It is a pleasure to see our community coming fully awake with the onset of some warmer weather, and just in time for Silver City Days.

It is a pleasure to see our community coming fully awake with the onset of some warmer weather, and just in time for Silver City Days.

Sitting on the patio of the café across from the greenhouse one morning this week, I spotted the first sundress of the season. All legs and shoulders, the young woman wearing it looked splendid in her splash of yellow fabric.

I didn’t follow her with anything more than my eyes, given that I am Canadian bred, well past such sport anyway, and my wife was sitting beside me.  But, she did make me wonder why so many women these days, including said spouse, spend so much of their time dressed in black. The usual reasons are:

a) black is slimming

b) it goes with everything

c) dark colours need less laundering

d) you’re always ready for a funeral.

The vision in yellow wasn’t without her stylistic mysteries. Why would anyone doff a light-coloured dress and sling-backs to wade the through the muck at a greenhouse? She set me in mind of young Latin women in four-inch stilettos as they hobble along cobblestone streets on their way to the market.

But, impracticality aside, I give Miss Sundress full marks for floating above the sea of gym strip that washes through the streets of this town.

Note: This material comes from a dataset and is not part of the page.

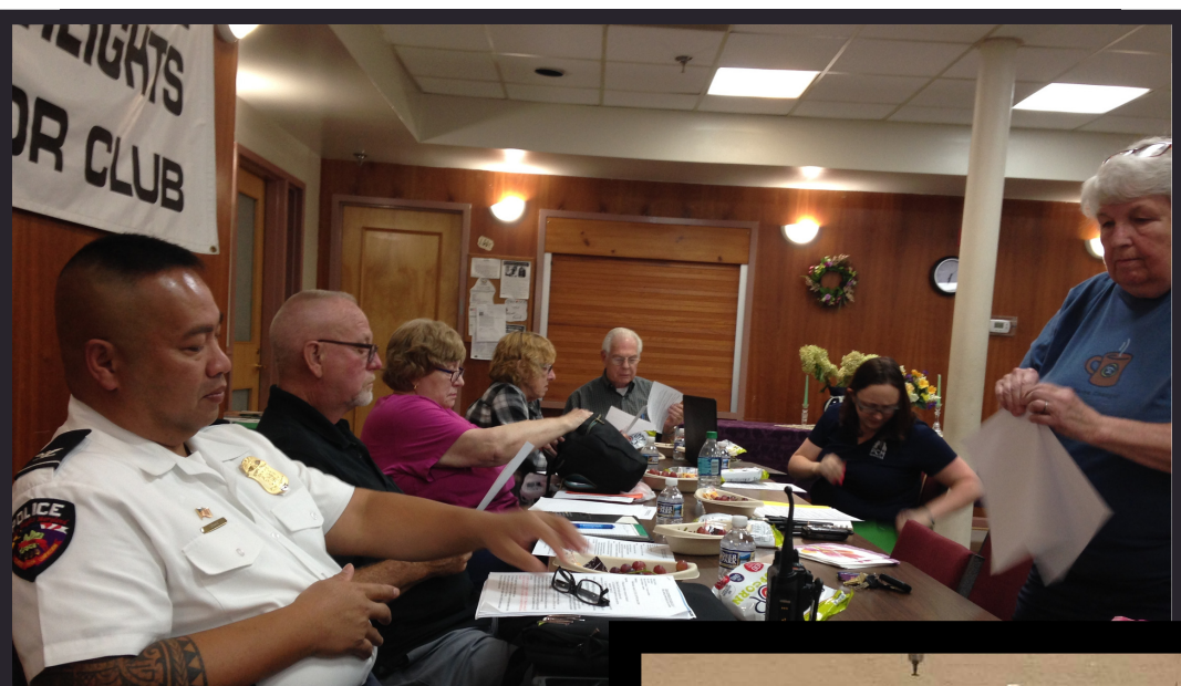
tings this will be ne Counci ession to the buncil will ssion to

Also providing entertainment that morning was a bold but not very skilled bandit who attempted to make off with a few trees from the greenhouse.

He did manage to drive away with a fruit tree, leaving two lilacs behind as staff shouted at him to stop. But he won’t be sitting under his apple tree with anyone other than his probation officer as multiple witnesses were able to note the licence number of his battered truck.

The theft reminded me of a bank heist in Fruitvale many years ago. The local robber got away with a paper sack full of money, but was readily identifiable by branch staff in the cozy village.

A manhunt ensued. After hiding in the hills and hollows outside of the village for a few days, the cold and hungry suspect turned himself in.

Ah, crime in the Kootenays.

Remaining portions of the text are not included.